- **EXERCISE DATA**:
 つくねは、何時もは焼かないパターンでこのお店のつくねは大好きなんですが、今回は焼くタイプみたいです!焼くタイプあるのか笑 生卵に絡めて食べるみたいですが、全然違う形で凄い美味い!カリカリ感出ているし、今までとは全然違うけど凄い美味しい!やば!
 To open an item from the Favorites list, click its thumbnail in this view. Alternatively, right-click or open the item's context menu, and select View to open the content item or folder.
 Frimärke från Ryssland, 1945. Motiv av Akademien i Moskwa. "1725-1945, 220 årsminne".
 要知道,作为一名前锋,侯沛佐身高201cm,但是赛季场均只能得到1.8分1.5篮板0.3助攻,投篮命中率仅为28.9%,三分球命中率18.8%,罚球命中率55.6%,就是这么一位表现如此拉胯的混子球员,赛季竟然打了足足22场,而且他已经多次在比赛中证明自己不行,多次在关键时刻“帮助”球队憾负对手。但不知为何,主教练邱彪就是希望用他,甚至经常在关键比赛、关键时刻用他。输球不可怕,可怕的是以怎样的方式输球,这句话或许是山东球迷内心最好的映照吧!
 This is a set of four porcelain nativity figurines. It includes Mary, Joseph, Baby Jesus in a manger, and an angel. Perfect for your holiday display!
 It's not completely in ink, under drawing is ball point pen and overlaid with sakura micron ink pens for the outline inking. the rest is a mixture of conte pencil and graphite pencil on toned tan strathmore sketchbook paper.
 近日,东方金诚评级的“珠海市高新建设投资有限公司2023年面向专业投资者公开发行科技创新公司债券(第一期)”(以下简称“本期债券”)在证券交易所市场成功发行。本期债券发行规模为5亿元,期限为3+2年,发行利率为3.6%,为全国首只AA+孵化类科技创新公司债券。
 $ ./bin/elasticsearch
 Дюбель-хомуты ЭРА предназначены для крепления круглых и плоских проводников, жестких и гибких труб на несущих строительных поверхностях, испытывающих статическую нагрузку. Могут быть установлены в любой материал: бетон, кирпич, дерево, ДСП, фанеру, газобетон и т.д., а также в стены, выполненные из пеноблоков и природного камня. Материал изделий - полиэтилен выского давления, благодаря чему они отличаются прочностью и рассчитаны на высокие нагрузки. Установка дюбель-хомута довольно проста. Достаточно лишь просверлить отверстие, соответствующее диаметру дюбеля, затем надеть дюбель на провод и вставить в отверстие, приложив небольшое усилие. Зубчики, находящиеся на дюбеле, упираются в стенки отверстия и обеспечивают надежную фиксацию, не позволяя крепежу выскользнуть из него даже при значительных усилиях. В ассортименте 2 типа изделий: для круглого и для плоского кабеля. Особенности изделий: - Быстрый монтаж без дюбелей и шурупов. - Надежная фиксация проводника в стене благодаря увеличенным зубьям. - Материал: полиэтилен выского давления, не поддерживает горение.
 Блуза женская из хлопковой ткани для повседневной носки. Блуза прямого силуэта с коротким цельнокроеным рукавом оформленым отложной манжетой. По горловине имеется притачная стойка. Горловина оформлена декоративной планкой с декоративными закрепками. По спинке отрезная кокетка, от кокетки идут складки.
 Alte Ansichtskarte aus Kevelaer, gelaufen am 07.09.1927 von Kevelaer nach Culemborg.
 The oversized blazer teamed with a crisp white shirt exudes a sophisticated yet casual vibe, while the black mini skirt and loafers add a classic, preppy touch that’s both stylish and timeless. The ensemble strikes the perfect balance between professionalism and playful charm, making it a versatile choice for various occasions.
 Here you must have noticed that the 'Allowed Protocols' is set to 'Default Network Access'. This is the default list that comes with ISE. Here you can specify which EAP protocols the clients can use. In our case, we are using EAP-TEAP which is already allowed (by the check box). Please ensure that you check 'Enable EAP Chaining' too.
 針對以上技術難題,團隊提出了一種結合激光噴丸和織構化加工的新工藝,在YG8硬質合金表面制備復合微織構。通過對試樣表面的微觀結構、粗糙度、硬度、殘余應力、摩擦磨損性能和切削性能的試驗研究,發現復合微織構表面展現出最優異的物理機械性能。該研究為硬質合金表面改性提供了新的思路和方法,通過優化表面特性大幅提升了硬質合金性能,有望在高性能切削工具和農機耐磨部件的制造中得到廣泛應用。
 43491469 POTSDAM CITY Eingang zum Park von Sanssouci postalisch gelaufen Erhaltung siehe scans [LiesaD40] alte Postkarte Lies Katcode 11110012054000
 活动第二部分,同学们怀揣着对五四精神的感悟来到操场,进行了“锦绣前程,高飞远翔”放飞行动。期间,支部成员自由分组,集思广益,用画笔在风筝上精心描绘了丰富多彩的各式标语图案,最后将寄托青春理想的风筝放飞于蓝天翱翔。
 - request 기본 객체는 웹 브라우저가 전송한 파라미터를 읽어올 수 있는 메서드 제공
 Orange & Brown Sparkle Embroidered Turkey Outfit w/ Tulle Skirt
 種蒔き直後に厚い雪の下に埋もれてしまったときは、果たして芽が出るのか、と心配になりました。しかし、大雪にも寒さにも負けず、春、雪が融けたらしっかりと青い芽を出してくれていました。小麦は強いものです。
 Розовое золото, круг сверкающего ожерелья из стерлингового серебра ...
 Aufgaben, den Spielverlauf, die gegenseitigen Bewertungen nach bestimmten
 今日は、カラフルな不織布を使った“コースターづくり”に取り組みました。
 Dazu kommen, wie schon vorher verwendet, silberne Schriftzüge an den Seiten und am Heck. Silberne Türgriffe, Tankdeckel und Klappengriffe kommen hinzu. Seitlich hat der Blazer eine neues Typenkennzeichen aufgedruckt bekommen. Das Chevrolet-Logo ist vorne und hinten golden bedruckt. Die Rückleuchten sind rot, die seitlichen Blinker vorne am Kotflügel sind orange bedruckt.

- **PROBLEM TO SOLVE**:
Copy exactly the lines that begin with the one containing "Aufgaben, den Spielverlauf, die" and continue to the end of the records, both included, and nothing more.

- **ANSWER TO THIS TASK**:
 Aufgaben, den Spielverlauf, die gegenseitigen Bewertungen nach bestimmten
 今日は、カラフルな不織布を使った“コースターづくり”に取り組みました。
 Dazu kommen, wie schon vorher verwendet, silberne Schriftzüge an den Seiten und am Heck. Silberne Türgriffe, Tankdeckel und Klappengriffe kommen hinzu. Seitlich hat der Blazer eine neues Typenkennzeichen aufgedruckt bekommen. Das Chevrolet-Logo ist vorne und hinten golden bedruckt. Die Rückleuchten sind rot, die seitlichen Blinker vorne am Kotflügel sind orange bedruckt.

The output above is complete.